Task to carry out
All that is needed is the run of lines from the top of the entries to the line with "Bogacz Yosef 1922 Pruzany, Polen Gedenkblatt", that line included, repeated exactly and free of pictures.

Listed entries
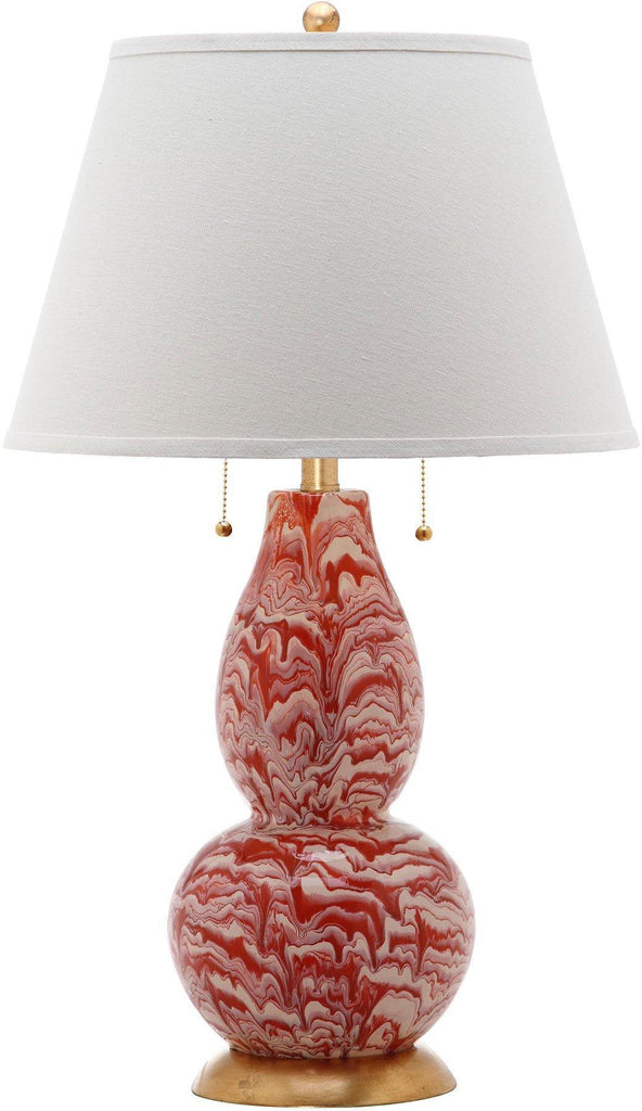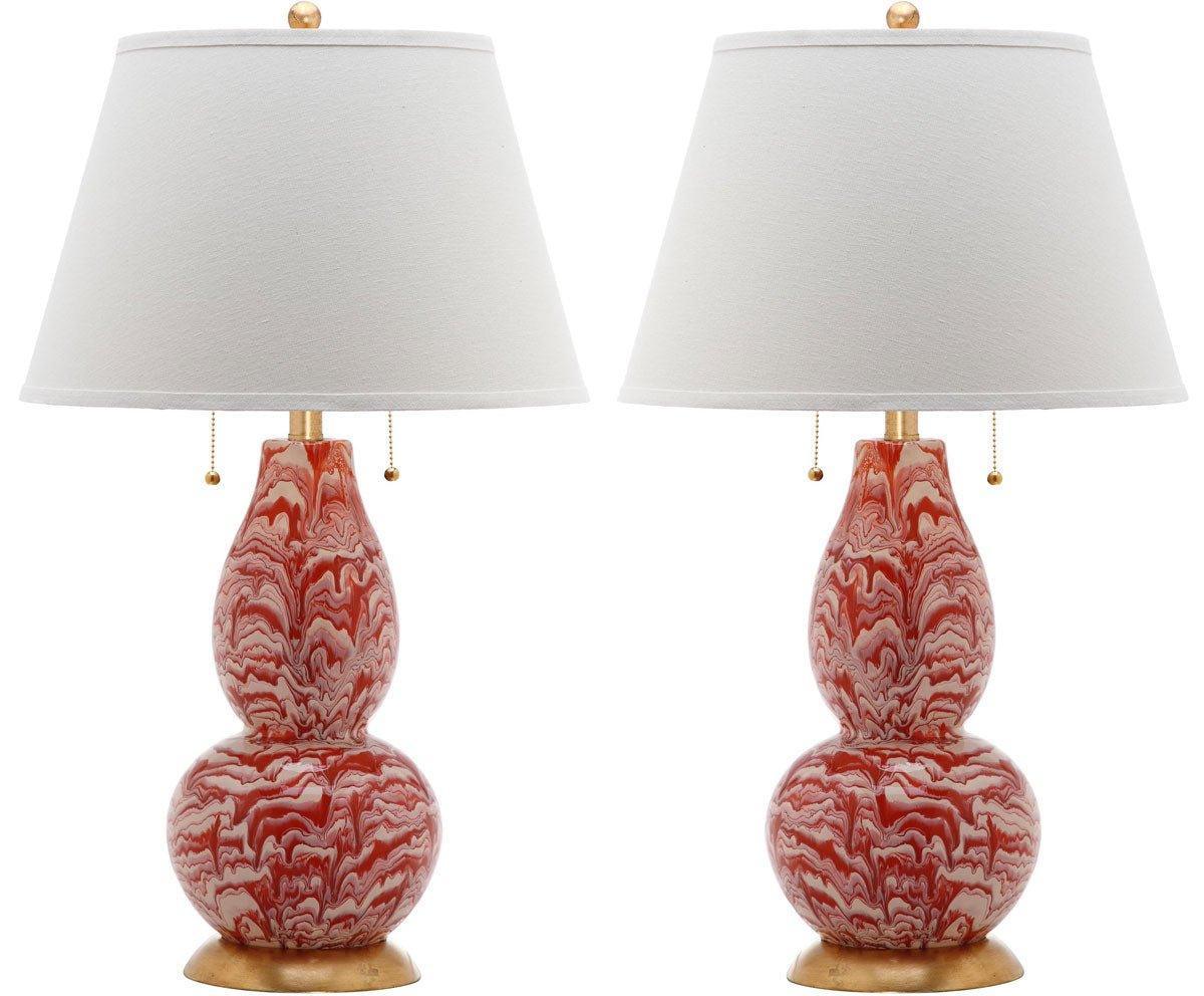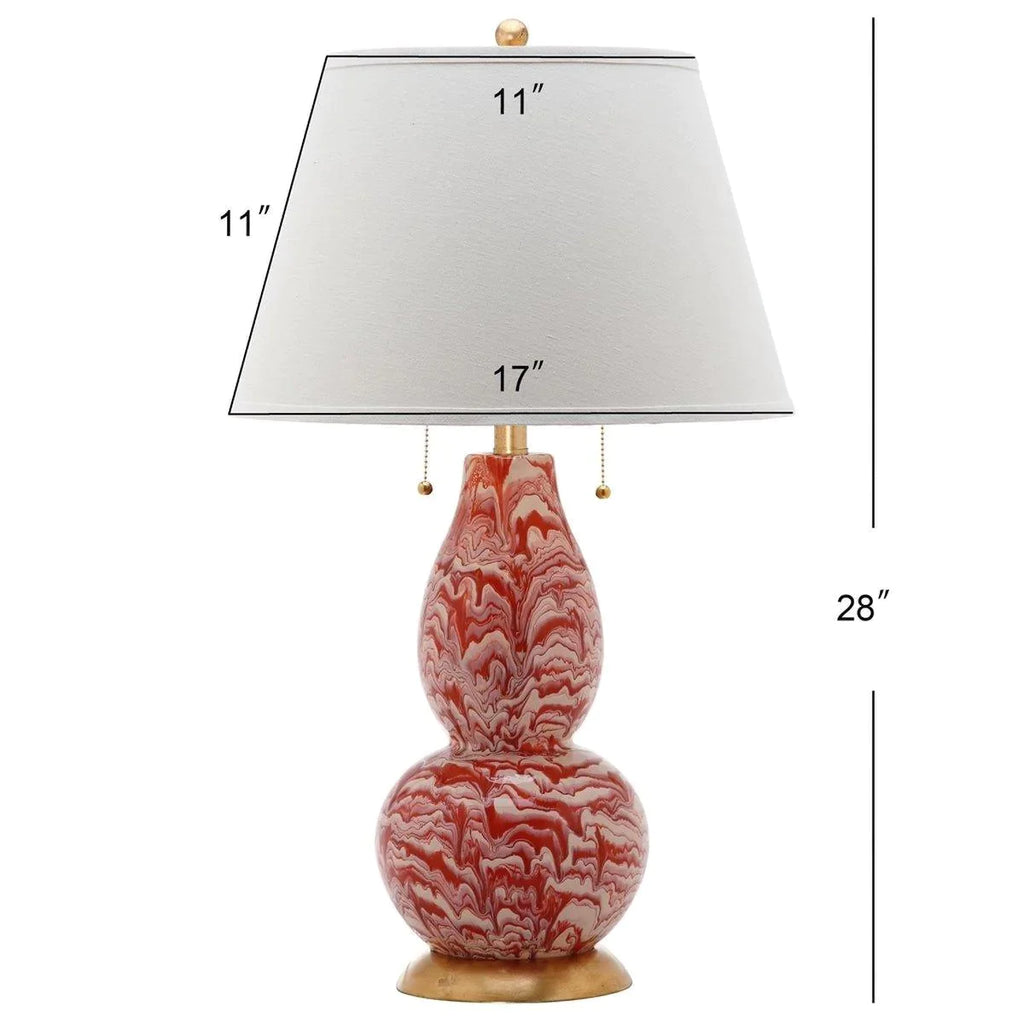 Dress up your home with the designer look of marble recreated in this elegant orange and white color swirls glass table lamp. Crafted of glass artfully painted in a marbleized effect, this set of lamps is accented with gold fittings and crisp cotton shade. Measures 17" x 17" x 28.5". Bottom base measures 7" X 7" X 1", lamp body measures 8" X 8" X 15", without shade measures 8" X 8" X 16". Switch type is on/off 100w. Click image for greater detail.
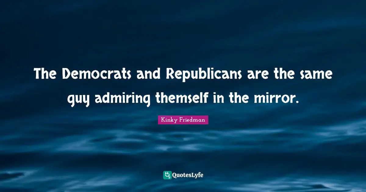 This page presents the quote "The Democrats and Republicans are the same guy admiring themself in the mirror.". Author of this quote is Kinky Friedman. This quote is about republican, admiring, mirrors, guy,.
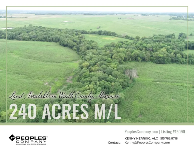 Presenting 240 Acres Worth County, Missouri. This combination farm offers great income as well as recreation. 188.77 acres m/l are currently in row crop production. Dominate soil types include Shelby, Lamoni and Kennebec with an overall weighted average NCCPI of 68.4. Remaining acres offer excellent hunting with mature timber and a nice pond. The farm is secluded with minimal road frontage tucked into the center of the section. The farm is located about 4 miles west of Worth in section 33 of Greene Township, Worth County, Missouri.
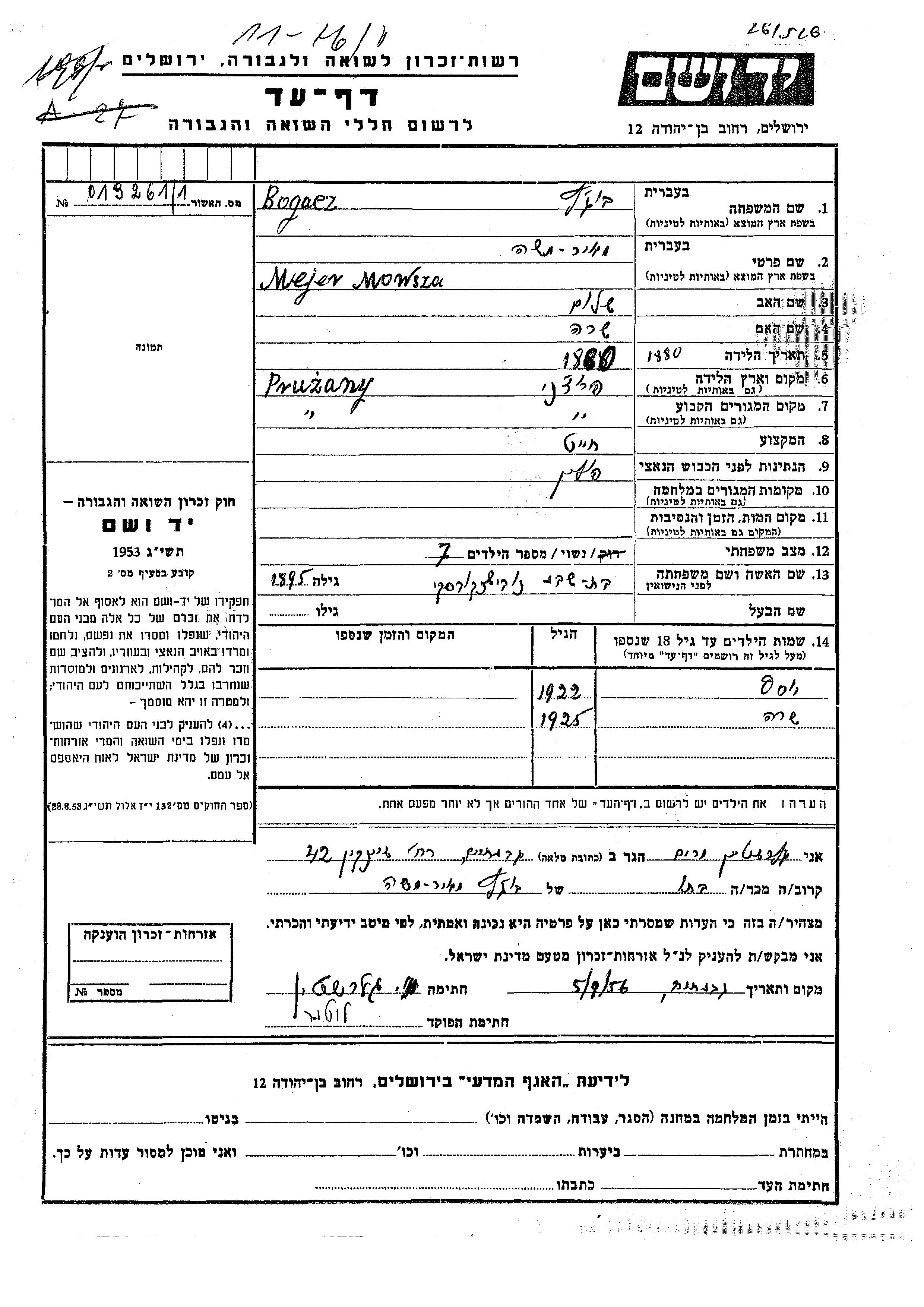 Bogacz Yosef 1922 Pruzany, Polen Gedenkblatt
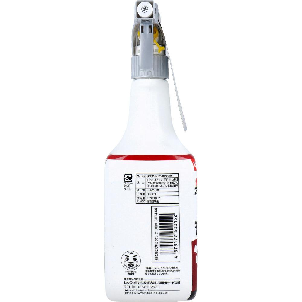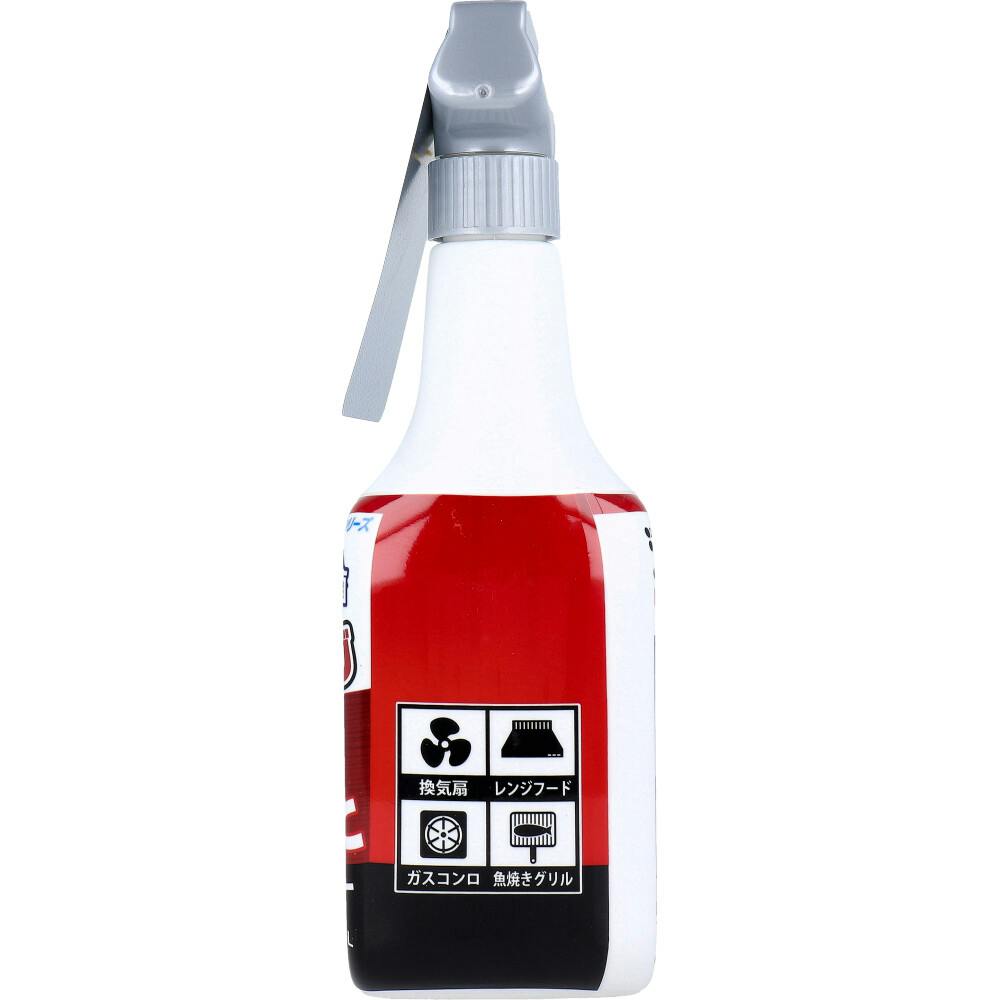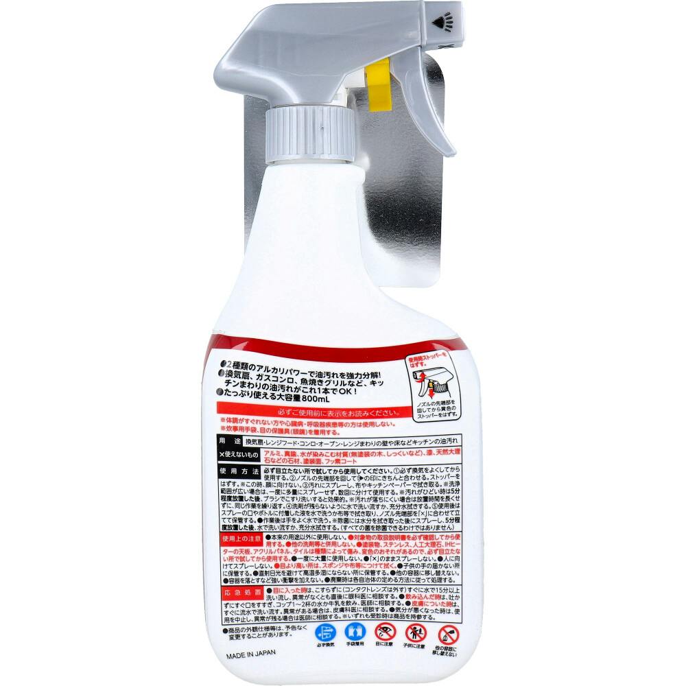 油汚れまるごと。2種類のアルカリパワーで油汚れを強力分解!●換気扇、ガスコンロ、魚焼きグリルなど、キッチンまわりの油汚れがこれ1本でOK!●高濃度(※)アルカリ。※レックケミカル社比。●除菌(※)。※すべての菌を除菌できるわけではありません。●たっぷり使える大容量800mL。
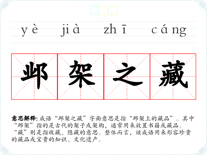 “邺架之藏”让我联想到对文化的尊重和对历史的敬畏。在现代生活中,许多人可能对传统文化的理解不够深刻,而这个成语则提醒我们去探索和珍惜那些丰富的文化遗产。
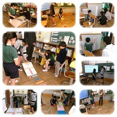 12年生は学習発表会の計画づくり、34年生は段ボールカッターの使用、56年生は算数で面積と体積の計測の学習です。
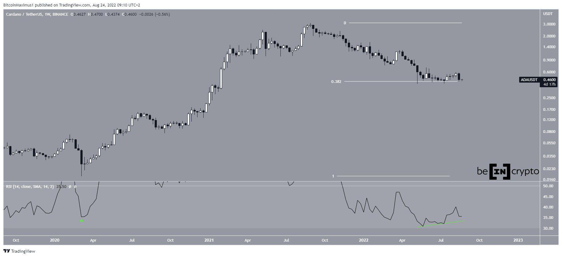 Bien que le cours de Cardano (ADA) montre des signes haussiers au sein des données hebdomadaires, il évolue dans un schéma neutre ayant un RSI quotidien baissier.
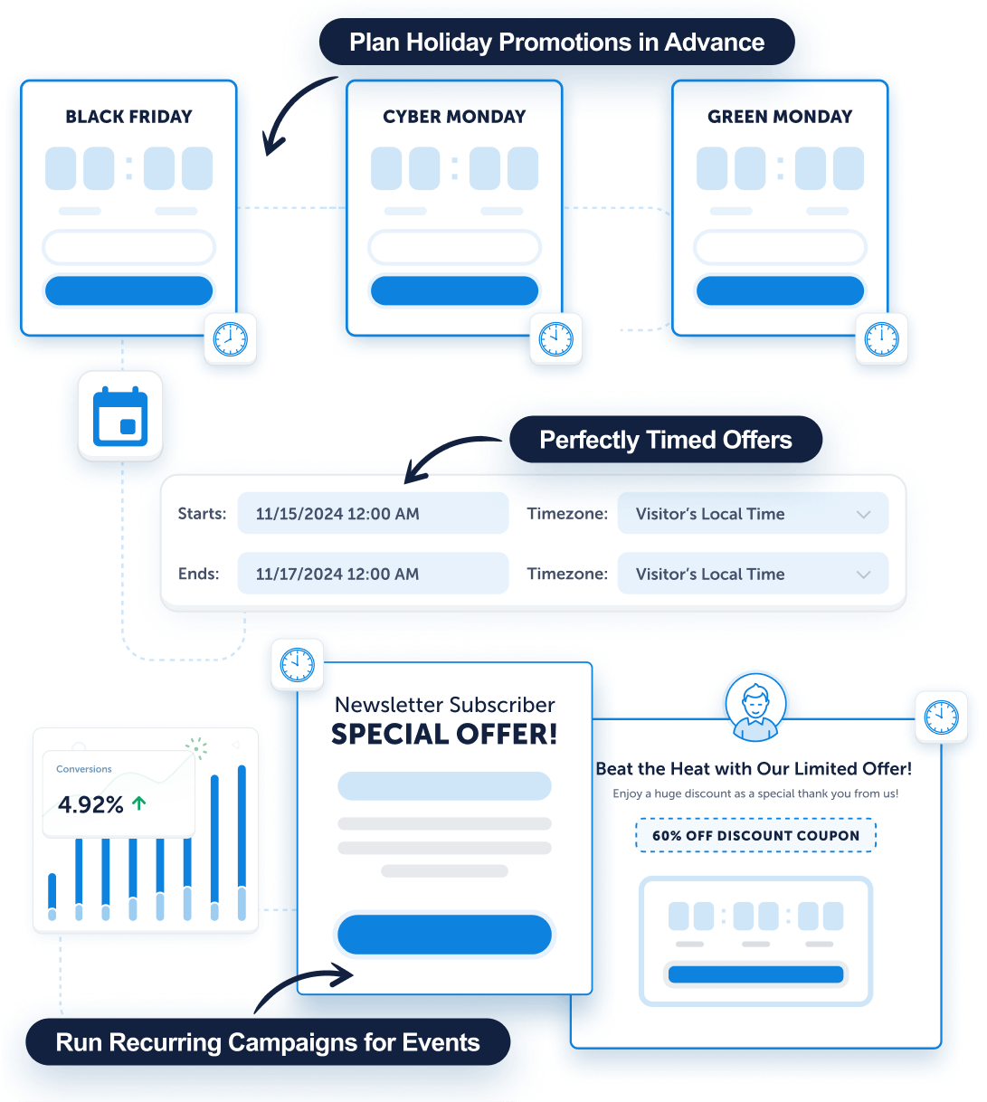 - Run recurring campaigns for events like Black Friday, Cyber Monday, or summer sales.
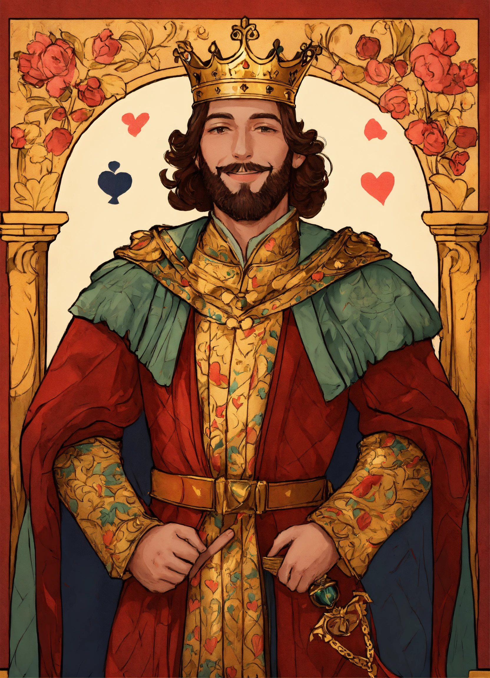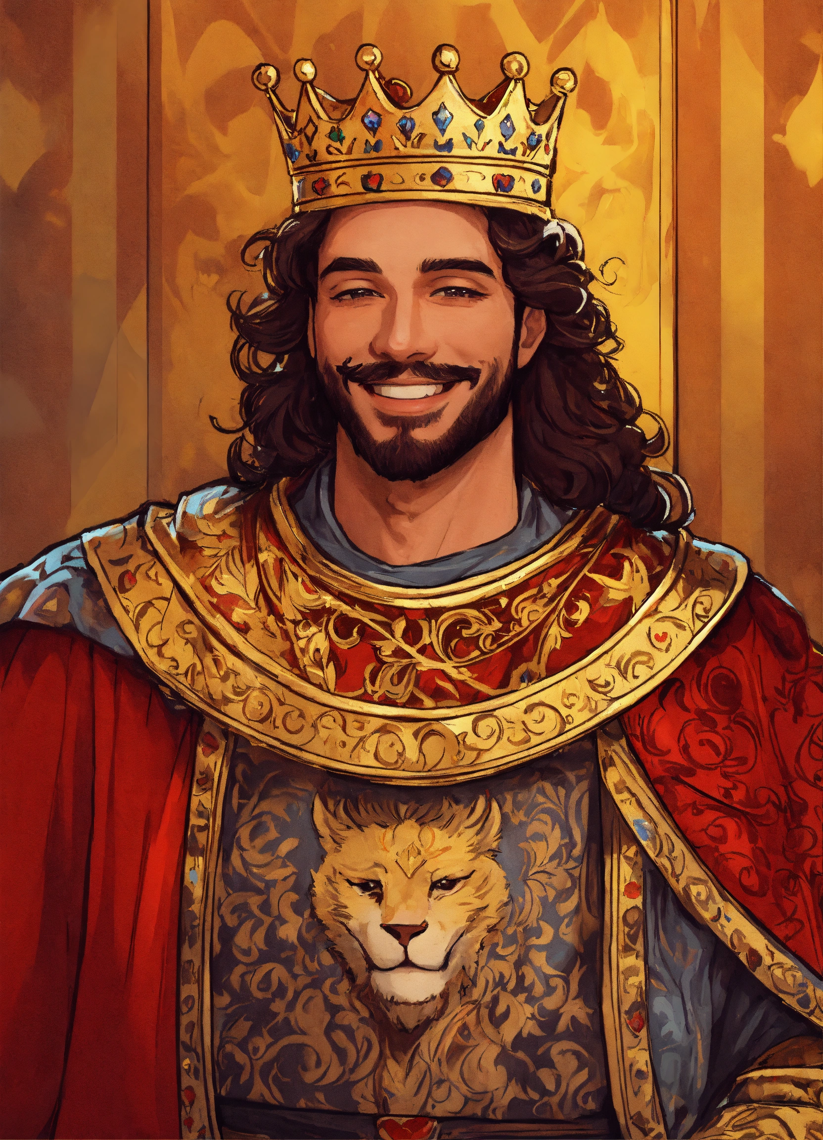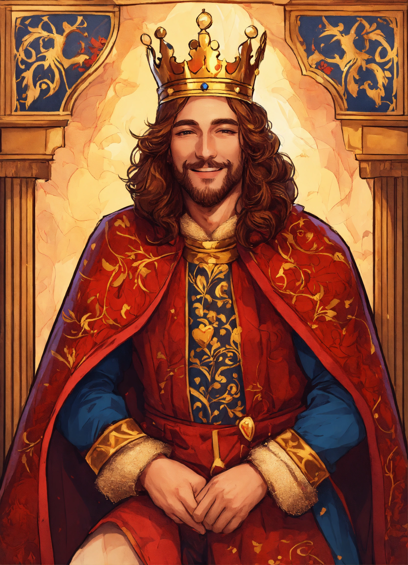 Drawing of a handsome smiling king with a fancy medieval royal robe

Expected answer
 Dress up your home with the designer look of marble recreated in this elegant orange and white color swirls glass table lamp. Crafted of glass artfully painted in a marbleized effect, this set of lamps is accented with gold fittings and crisp cotton shade. Measures 17" x 17" x 28.5". Bottom base measures 7" X 7" X 1", lamp body measures 8" X 8" X 15", without shade measures 8" X 8" X 16". Switch type is on/off 100w. Click image for greater detail.
 This page presents the quote "The Democrats and Republicans are the same guy admiring themself in the mirror.". Author of this quote is Kinky Friedman. This quote is about republican, admiring, mirrors, guy,.
 Presenting 240 Acres Worth County, Missouri. This combination farm offers great income as well as recreation. 188.77 acres m/l are currently in row crop production. Dominate soil types include Shelby, Lamoni and Kennebec with an overall weighted average NCCPI of 68.4. Remaining acres offer excellent hunting with mature timber and a nice pond. The farm is secluded with minimal road frontage tucked into the center of the section. The farm is located about 4 miles west of Worth in section 33 of Greene Township, Worth County, Missouri.
 Bogacz Yosef 1922 Pruzany, Polen Gedenkblatt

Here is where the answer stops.